Let $(\Omega,\mathfrak{F},\mu)$ be a measure space and $f:\Omega\mapsto [0,\infty]$ a non-negative measurable function such that $\int_\Omega{f}d\mu<\infty$; prove that for every $\varepsilon>0$ there is $E\in\mathfrak{F}$, with $\mu(E)<\infty$, such that $\int_\Omega{f}d\mu \leq\int_E{f}d\mu+\varepsilon$

What I'm trying to do to tackle this proof is using monotone convergence theorem; I'm trying to find a sequence $(f_n)_{n=1}^\infty$ such that $f_n:\Omega\mapsto [0,\infty]$ is non-negative and measurable, $f_1\leq f_2\leq f_3\leq\cdots$ and $f_n\to f$.

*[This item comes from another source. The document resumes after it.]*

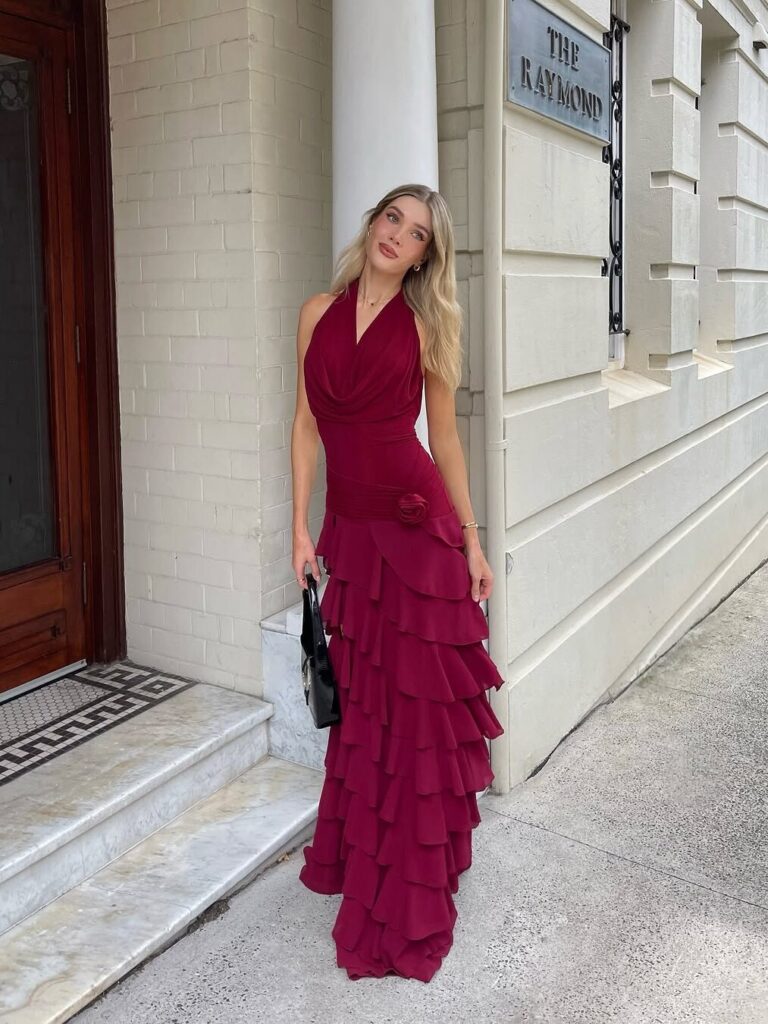 In this Red Maxi Dress combination, you will get to see a flower-like design whose color will also be available in rose color. Along with this, it is wrapped around your neck and it has been designed with some flower layers. Along with this, you have to keep this black colored handbag. This is going to make you look smart.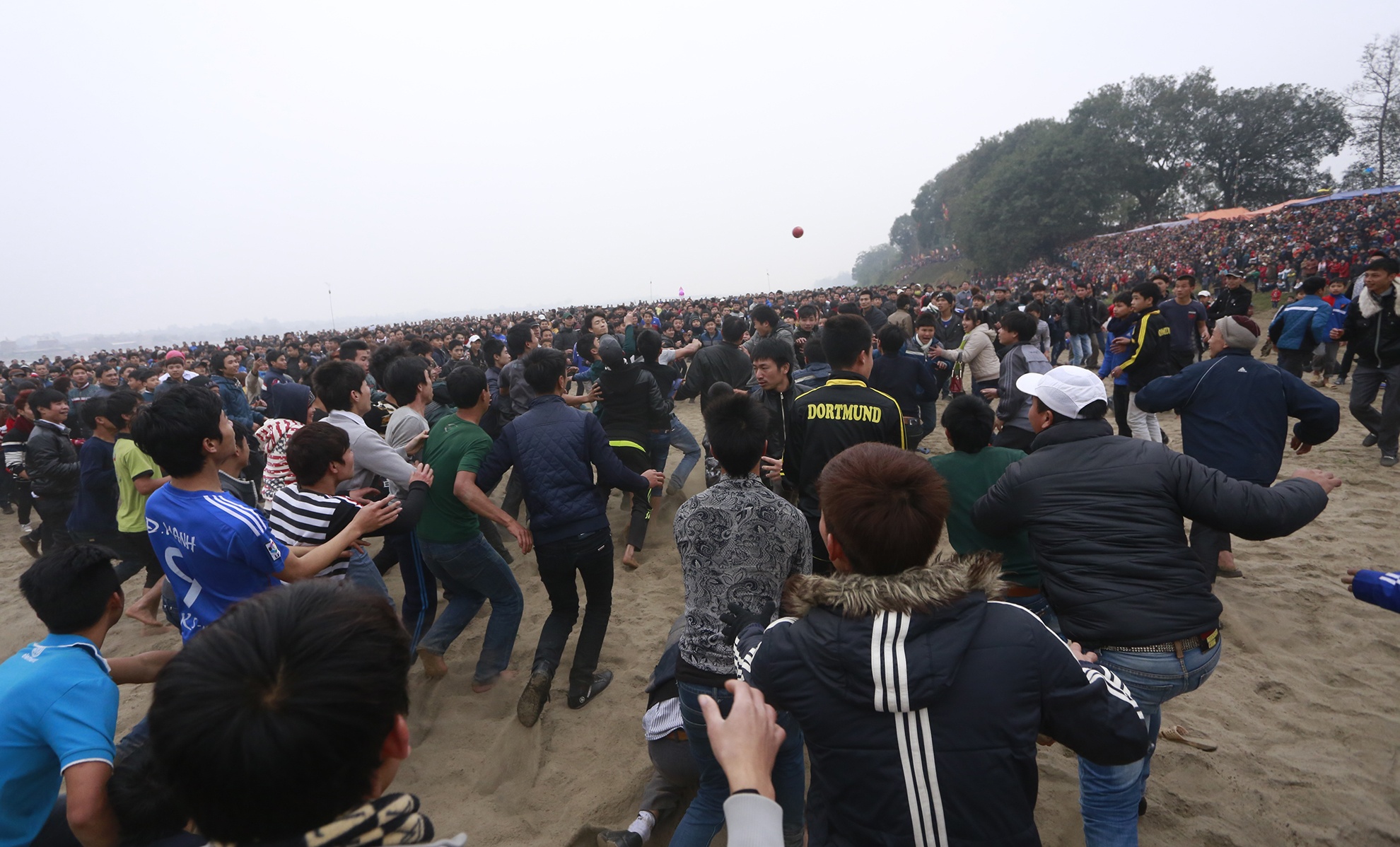 | Mặc dù chủ tế chưa cầm phết ra ngoài bãi giữa nhưng hàng nghìn người đã vây quanh hố cát nơi quả phết được thả xuống. |

If I managed to find such a $(f_n)_{n=1}^\infty$ then I'd have, by using monotone convergence theorem,

$$\int_E {f}d\mu=\int_\Omega {f_n}d\mu\to \int_\Omega {f}d\mu$$

So, by limit definition,

For every $\varepsilon>0$ there exists $n_0\in N$ such that for every $n\geq n_0$ it's true that $$0<\int_\Omega {f}d\mu-\int_E {f}d\mu<\varepsilon$$.

The only problem I'm having is finding such a $(f_n)_{n=1}^\infty$

¿Any ideas, help, etc?

Thanks in advance.

Answer 1

Let $E_n=\{\omega\in\Omega\mid f(x)\geq 1/n\}$. By Markov's inequality, $\mu(E_n)$ is finite for all $n>0$ because $f$ is integrable. Now let $f_n=f\chi_{E_n}$ and apply monotone convergence as you suggested.

Answer 2

Notice that $\nu(A):=\int_{A}f(x)d\mu$ defines a measure on $\Omega$ that is absolutely continuous with respect to $\mu$.

Define $E_n:=\{\omega\in\Omega:n> f(x)\geq \frac{1}{n}\}$. Clearly, as $n\to \infty,$ we see $E_n\to \Omega$.

Thus, $\nu(E_n)\to\nu(\Omega)$ as $n\to \infty$ by continuity of measure.

Choose $N$ so large that for all $n \geq N$, we have $0<\nu(\Omega)-\nu (E_n)<\epsilon$.

Set $E:=E_N$ and verify(?) that $\mu(E)<\infty$.

Please check this to make sure I haven't made any egregious mistakes.